TASK DATA:

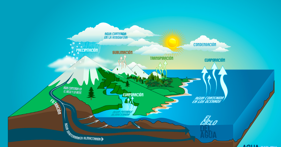 El agua sufre una serie de transformaciones y desplazamientos en los que va pasando por sus tres estados: líquido, sólido y gaseoso. Este ciclo se compone de varias etapas, que se desarrollan de forma sucesiva y simultánea, y se repiten y compenetran con otras: Evaporación. El sol calienta los océanos y del resto de superficies acuáticas.
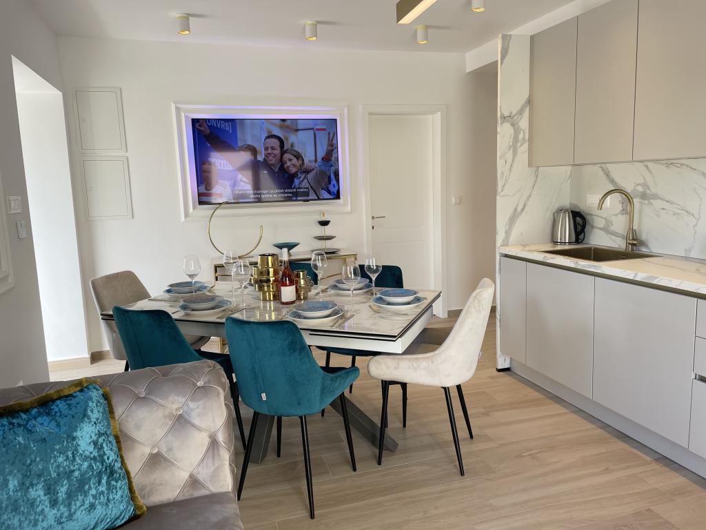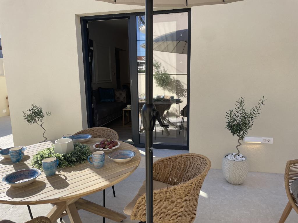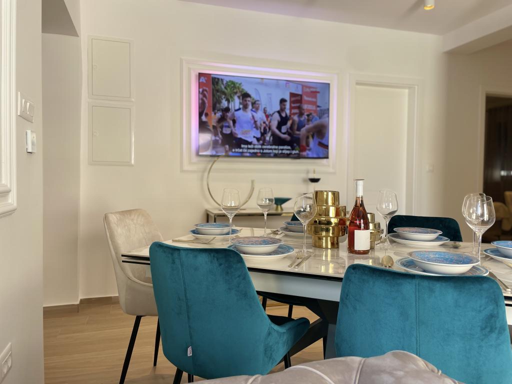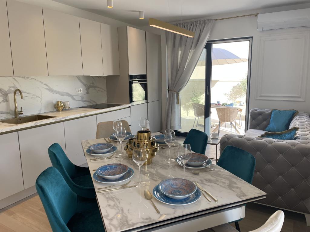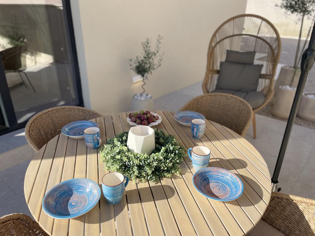 Moderno opremljena vila z velikim dvoriščem in parkiriščem. Dizajnersko opremljena in 10 minut hoje od plaže ter 5 minut hoje od centra. Stavba ima 3 spalnice, je v celoti klimatizirana in ima talno ogrevanje. Območje okoli hiše je urejeno za celodnevno bivanje, še posebej glede na stoletna drevesa, ki zagotavljajo izjemno senco v vročih poletnih mesecih.
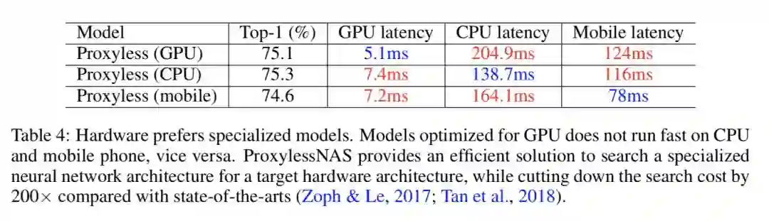 我们提出了一种新的基于梯度的方法(作为一个正则函数),来处理硬件目标(例如延迟)。针对不同的硬件平台:CPU / GPU / FPGA / TPU / NPU,ProxylessNAS 实现了针对目标硬件 CNN 结构定制。据我们所知,这是第一个来研究不同硬件结构下的专用神经网络结构的文章。
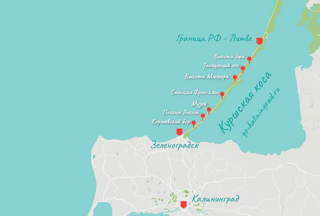 Куршская коса – это длинная песчаная пересыпь длиной 90 километров, а шириной всего от 400 метров! Это национальный парк и объект всемирного наследия Юнеско(которых в России не так много). Сюда едут за уникальной природой, белоснежными километровыми пляжами и дюнами. По всей косе проложены экотропы, такие как как “Танцующий лес” или “Высота Эфа”.
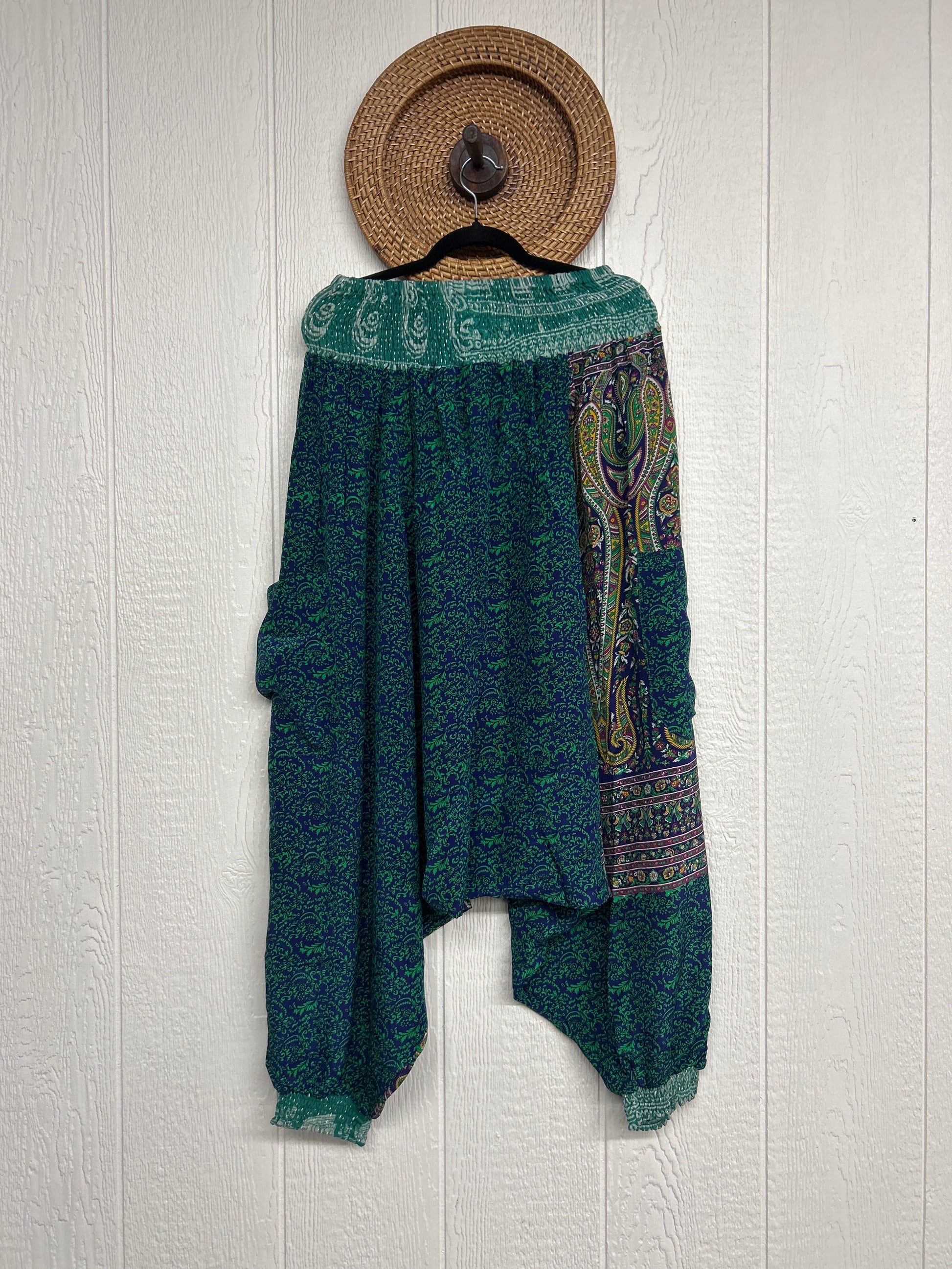 Made from vintage crepe sari, these are perfectly slouchy with a low harem drop for that effortless, flowy feel. Featuring deep side pockets, kantha stretch at the ankles, and a kantha smocked waistband that feels smooth and soft on the skin.
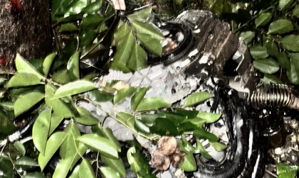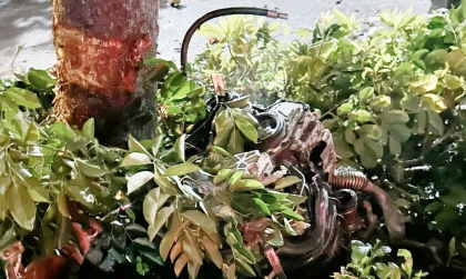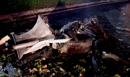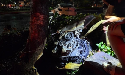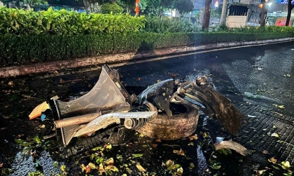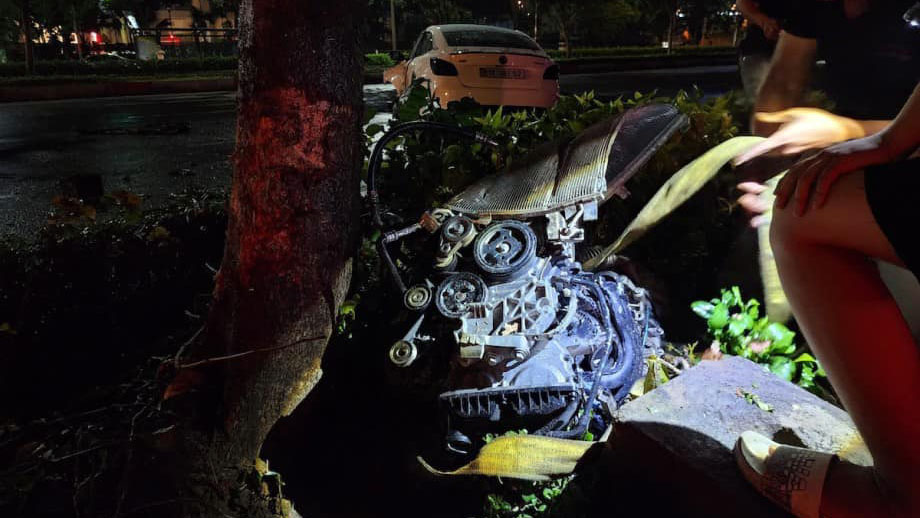 Cú tông mạnh khiến xe bị biến dạng, lốc máy văng vào bồn cây còn trục bánh xe vỡ nát nằm cách đó gần chục mét.
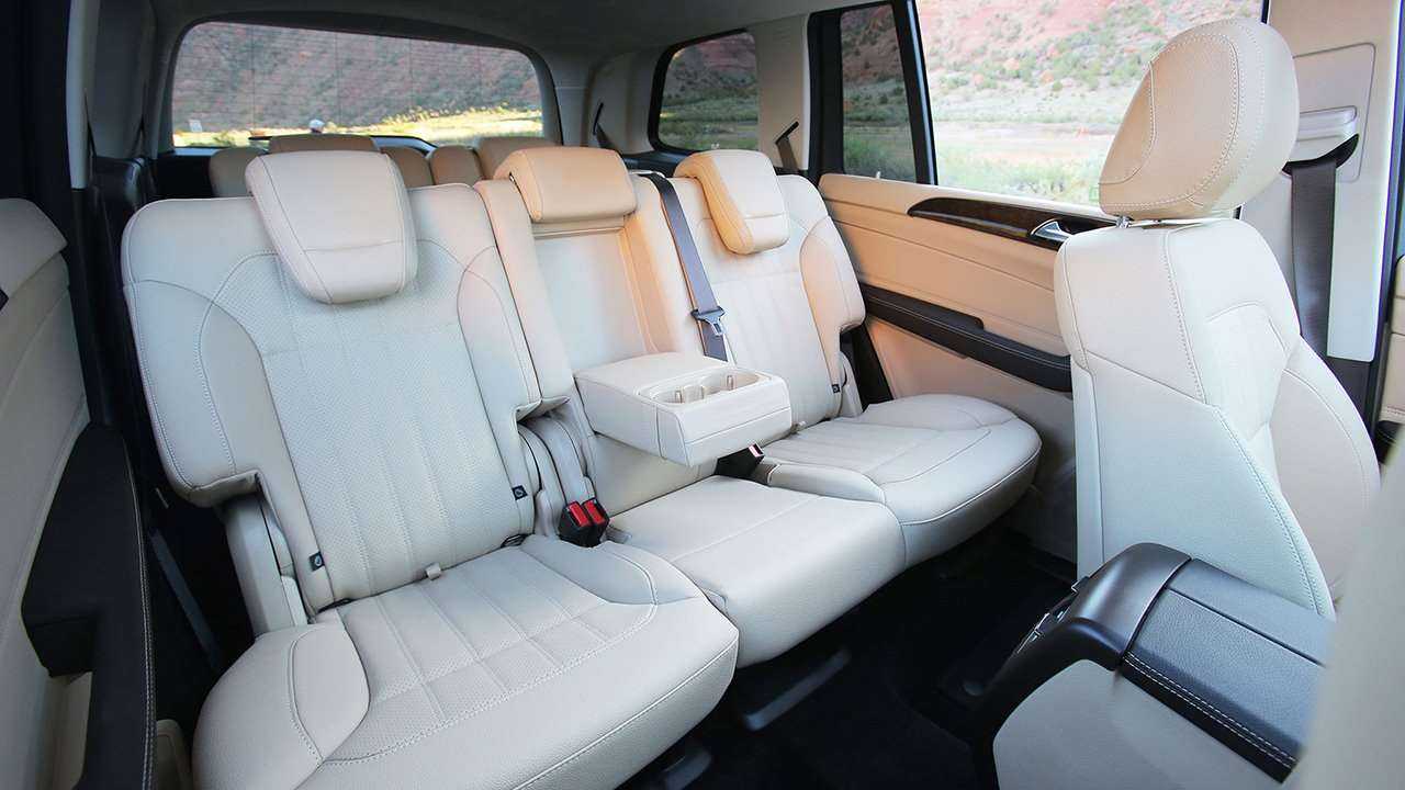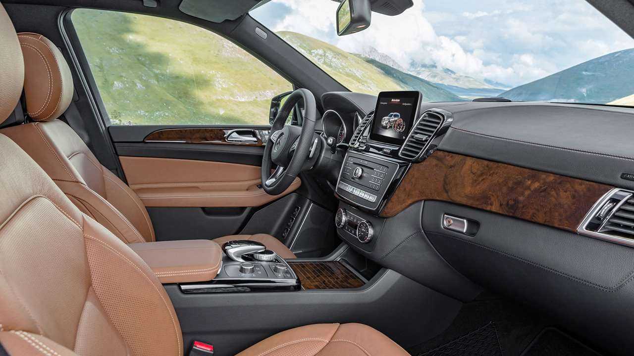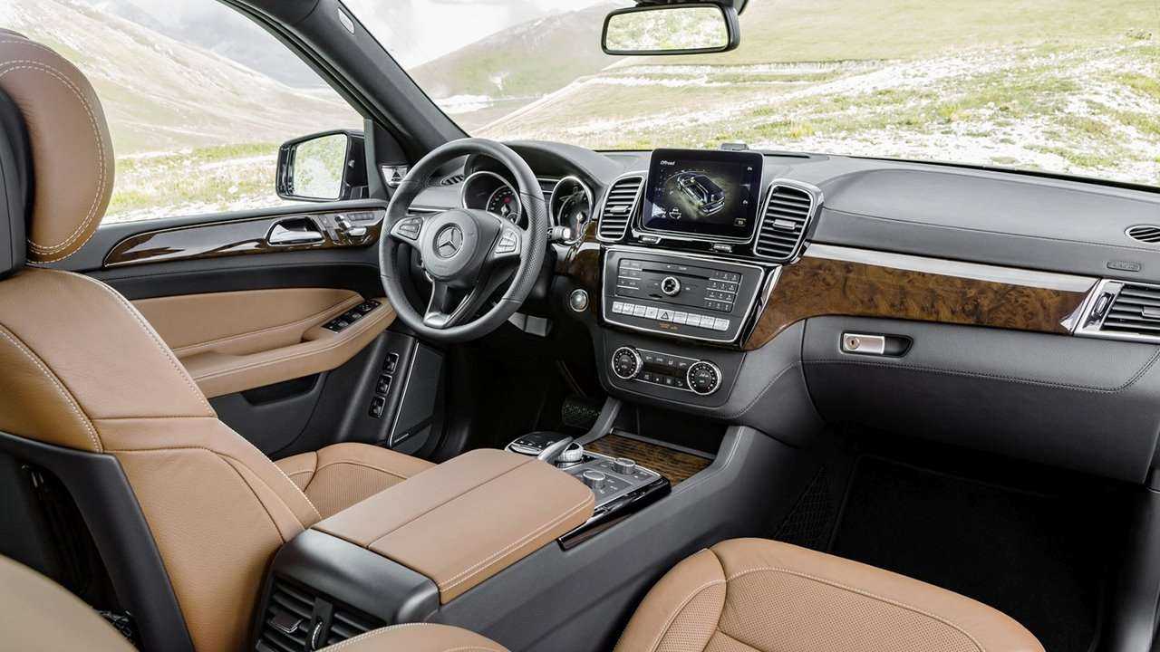 Салон немецкой модели обеспечивает максимальный уровень комфорта. За это отвечают сидения с развитой боковой поддержкой, многочисленной электронной «начинкой» и удобной конфигурацией. Цифровая приборная панель, как и на других моделях Mercedes-Benz, у GLS объединена с сенсорным монитором того же размера. Примечательно то, что оба экрана лишены солнцезащитного козырька. На центральной консоли кроссовера расположены 4 прямоугольных дефлектора обдува и тонкая полоска блока управления климатом. Трансмиссионный тоннель содержит компактный мультимедийный джойстик, по бокам которого вынесены оригинальные вставки со светодиодной подсветкой.

EXERCISE PROMPT: Take the line that contains "Moderno opremljena vila" and all lines after it to the end of the material above, and copy them verbatim without any images.

OUTPUT OF THE TASK:
 Moderno opremljena vila z velikim dvoriščem in parkiriščem. Dizajnersko opremljena in 10 minut hoje od plaže ter 5 minut hoje od centra. Stavba ima 3 spalnice, je v celoti klimatizirana in ima talno ogrevanje. Območje okoli hiše je urejeno za celodnevno bivanje, še posebej glede na stoletna drevesa, ki zagotavljajo izjemno senco v vročih poletnih mesecih.
 我们提出了一种新的基于梯度的方法(作为一个正则函数),来处理硬件目标(例如延迟)。针对不同的硬件平台:CPU / GPU / FPGA / TPU / NPU,ProxylessNAS 实现了针对目标硬件 CNN 结构定制。据我们所知,这是第一个来研究不同硬件结构下的专用神经网络结构的文章。
 Куршская коса – это длинная песчаная пересыпь длиной 90 километров, а шириной всего от 400 метров! Это национальный парк и объект всемирного наследия Юнеско(которых в России не так много). Сюда едут за уникальной природой, белоснежными километровыми пляжами и дюнами. По всей косе проложены экотропы, такие как как “Танцующий лес” или “Высота Эфа”.
 Made from vintage crepe sari, these are perfectly slouchy with a low harem drop for that effortless, flowy feel. Featuring deep side pockets, kantha stretch at the ankles, and a kantha smocked waistband that feels smooth and soft on the skin.
 Cú tông mạnh khiến xe bị biến dạng, lốc máy văng vào bồn cây còn trục bánh xe vỡ nát nằm cách đó gần chục mét.
 Салон немецкой модели обеспечивает максимальный уровень комфорта. За это отвечают сидения с развитой боковой поддержкой, многочисленной электронной «начинкой» и удобной конфигурацией. Цифровая приборная панель, как и на других моделях Mercedes-Benz, у GLS объединена с сенсорным монитором того же размера. Примечательно то, что оба экрана лишены солнцезащитного козырька. На центральной консоли кроссовера расположены 4 прямоугольных дефлектора обдува и тонкая полоска блока управления климатом. Трансмиссионный тоннель содержит компактный мультимедийный джойстик, по бокам которого вынесены оригинальные вставки со светодиодной подсветкой.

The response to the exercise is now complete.